2 minute read

Moumouni

… Worst-Case-Szenario

Die Poetin steht hinter dem Bühnenvorhang und linst nach draussen ins Publikum. Viele erwartungsvolle Menschen. Unangenehm, bei einem solch grossen Anlass nicht genau zu wissen, warum man eingeladen wurde. Sie hatte es einfach vergessen. Normalerweise lässt sich das relativ schnell an Setting und Publikum erkennen. Aber heute: schwierig. Ist es eine Rassismusveranstaltung? Die Poetin entdeckt einen «Refugees Welcome»-Aufkleber auf einer Tasche mit Fransen. Das könnte ein Hinweis sein. «Frau Mamudi, in zwei Minuten auf die Bühne», krächzt es aus den Lautsprechern im Backstage. Komisch, die Veranstalterin hatte ihren Namen falsch ausgesprochen. Ungewöhnlich für eine Rassismusveranstaltung. Dann wird es wohl doch ein Dada-Auftritt sein? Die Poetin war in den letzten Jahren ein Star des Schweizer Dada geworden. Als erste Schwarze Frau. Aber das ist egal, denn Dadaist*innen sehen keine Farben und lieben gleichzeitig Afrika. Und das sollte auch so bleiben. Auf keinen Fall wollte sie auch im Dada die RassismusTante werden. Und auf keinen Fall wollte sie die Antirassist*innen mit Dada vergraulen: Jetzt keinen Fehler machen!

Sie tritt auf die Bühne. «Ähm», beginnt sie.

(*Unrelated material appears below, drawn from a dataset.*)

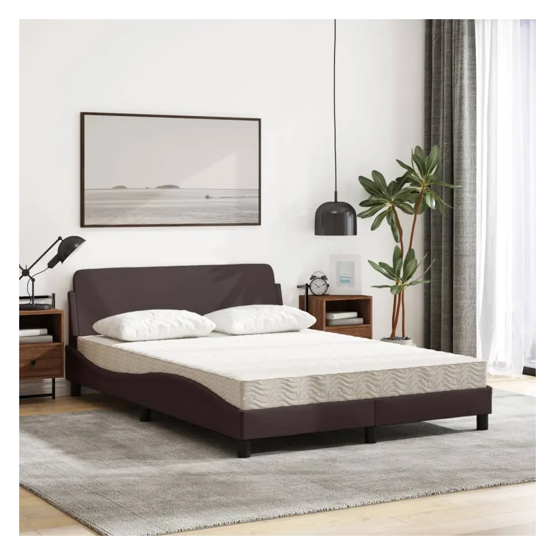 Obtenez une meilleure nuit de sommeil reposante grâce à ce lit avec matelas ! Il est un supplément accueillant à toute chambre à coucher. Tissu durable : le tissu présente un aspect simple et épuré, et il est respirant et durable.Lattes de contreplaqué : les lattes de contreplaqué assurent une bonne répartition du poids, garantissant que le matelas reste en place à chaque torsion de votre corps pendant le sommeil.Excellent soutien : la tête de lit vous offre un excellent soutien du dos lorsque vous êtes assis dans votre lit pour lire ou regarder la télévision.Matelas en mousse : ce matelas de lit en tissu à 3 couches est rempli de mousse PU 22D pour un confort optimal. Il contribue à soulager la fatigue et à favoriser la circulation sanguine, vous offrant ainsi une relaxation complète et une bonne qualité de sommeil. En outre, le matelas est disponible en dureté H2 et H3, de sorte que vous pouvez simplement tourner le matelas pour choisir la dureté qui vous convient le mieux.Design latéral ondulé : l’aspect ondulé du cadre de lit est élégant et sophistiqué, ajoutant une touche moderne et élégante à votre décor, ce qui en fait le point central de votre chambre à coucher.

Im Publikum flüstert wer aufgeregt: «So heisst ihr Buch!» Stimmt. Ihr letzter Dada-Band hiess «Ähm 2000». Also Dada-Publikum? Sie ist noch unschlüssig und beginnt ins Mikrofon zu husten, um Zeit zu gewinnen. Jemand eilt auf sie zu und klopft ihr auf die Schultern. «Geht’s, Sister?» Ein paar Leute im Publikum husten euphorisch mit. Widersprüchliche Signale.

Ein Alptraum: Offenbar sind Vertreter*innen beider Gruppen im Publikum! Die Poetin beschliesst: zweiter Anlauf. Eine Aneinanderreihung von Worten aus dem Stichwort-Repertoire, die vielleicht beide Seiten ansprechen: Geld und Diplome // Helfersyndrome //Kongo! Kongo! Koltan! // Bongo! Bongo! Alarm!

Bei «Bongo» hatte sie kurz gestockt. Sie weiss nicht, ob das die Antirassist*innen überzeugt. Und die Dadaist*innen sind überhaupt nicht erfreut darüber, sogenannten «conscious rap» zu vernehmen. Die Poetin ist hin- und hergerissen und reimt: Dattel Dattel Dak Dak! // Dackel, Dackel Watsch Watsch!, für die Dadaist*innen und: Es ist echt jetzt Zeit // für Gerechtigkeit!, für die Antirassist*innen. Letztere sind verwirrt. Sie hätten gern mehr über den schrecklichen Koltanabbau im Kongo gehört. Andere scrollen schon auf dem Handy herum. Ein älterer Mann steht auf und grummelt: «Ich wusste es. Dada ist tot!»

Die Poetin fällt theatralisch auf die Knie, die vor Unglück anfangen zu schmerzen. Mit letzter Kraft bäumt sie sich auf und kräht: «Was wollt ihr denn, verdammt?» Das ist für alle zu viel. Wie in einem Wasserkocher fängt das Publikum an zu brodeln und schwappt fast über. Die Antirassist*innen schreien hassig: «One Love! One Love!» Die Dadaist*innen rufen: «Urallala! Urallala!» Die Veranstalterin wedelt mit einem vor Monaten unterschriebenen Vertrag und ruft wütend: «Eine ganz normale Lesung!» Die Poetin hat die Kontrolle verloren. Dabei ist es ihre Lesung! Unverschämtheit! Mit neu entfachter Passion rennt sie ins Backstage, holt sich ihre After-Show-Pfeife, stürmt damit zurück auf die Bühne und schreit: «Feuer!», bis ihr jemand ein Streichholz zuwirft, das sie an ihren rauen Händen entfacht.

Die Poetin setzt das Mikrofon in Brand und holt sich ein Buch, das sie wegen all der Auftritte nie hatte lesen können. Sie setzt sich neben die Bühne und schreit: «Heute lese ich! Was ich! Will!»

FATIMA MOUMOUNI

hat manchmal Alpträume. Dann überlegt sie, wie es wäre, wenn ihr Publikum diverser wäre.